What you will do. From the listing below, reproduce exactly the lines starting with the one with "熱鍋放入底油、蔥段煎至金黃出香,依次放入濃湯、海參、蹄筋、調味料" and going on through the one with "天然パープルピンク ダイヤモンドピアス K18 6本爪 スタッド", both ends kept. No picture is copied.
---------- Extracted data ----------
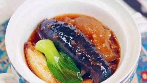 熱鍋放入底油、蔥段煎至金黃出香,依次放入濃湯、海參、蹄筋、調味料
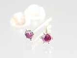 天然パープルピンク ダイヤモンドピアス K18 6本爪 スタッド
----------
---------- Extracted data ----------
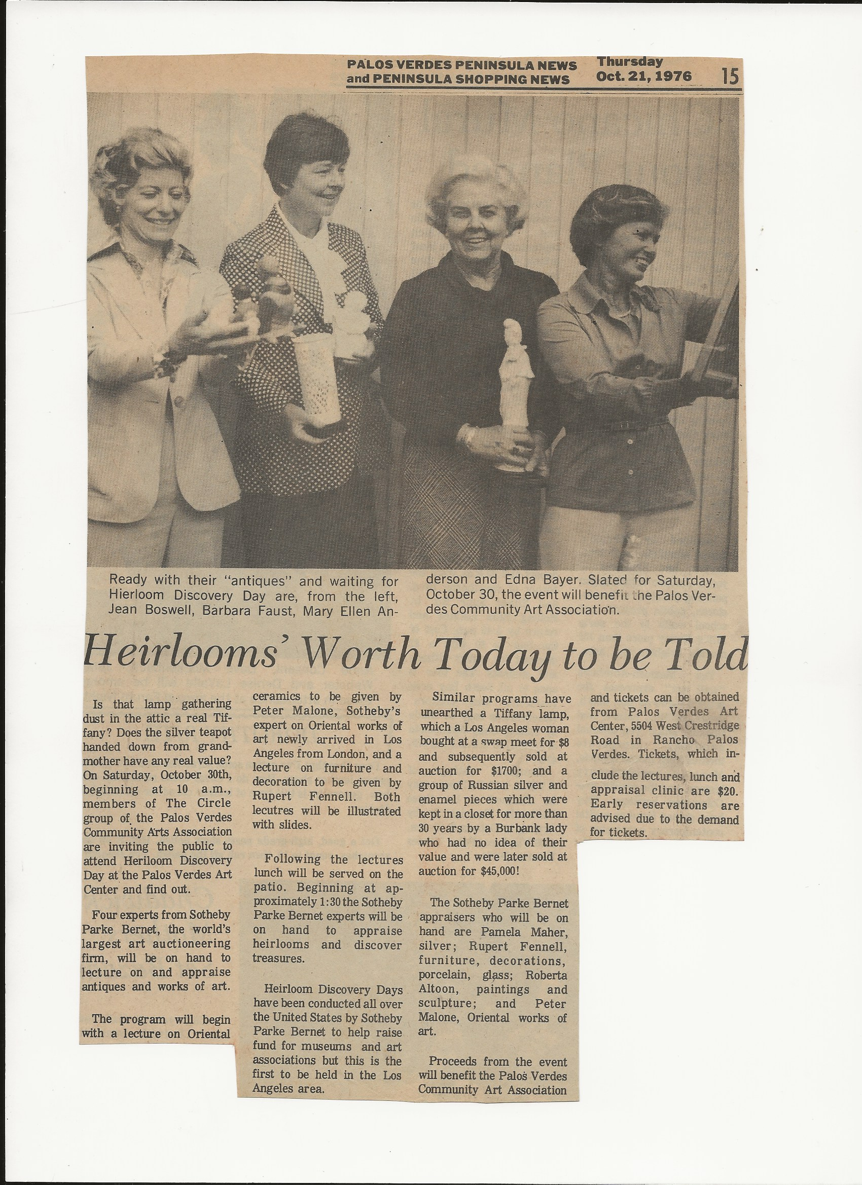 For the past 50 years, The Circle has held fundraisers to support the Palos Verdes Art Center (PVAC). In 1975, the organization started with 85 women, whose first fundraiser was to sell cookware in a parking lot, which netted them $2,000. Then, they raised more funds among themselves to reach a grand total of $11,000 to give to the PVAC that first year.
----------
---------- Extracted data ----------
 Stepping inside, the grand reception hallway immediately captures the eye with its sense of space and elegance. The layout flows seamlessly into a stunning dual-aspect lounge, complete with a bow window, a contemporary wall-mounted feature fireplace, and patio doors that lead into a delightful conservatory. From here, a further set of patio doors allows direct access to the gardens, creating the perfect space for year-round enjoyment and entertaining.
----------
Task output.
 熱鍋放入底油、蔥段煎至金黃出香,依次放入濃湯、海參、蹄筋、調味料
 天然パープルピンク ダイヤモンドピアス K18 6本爪 スタッド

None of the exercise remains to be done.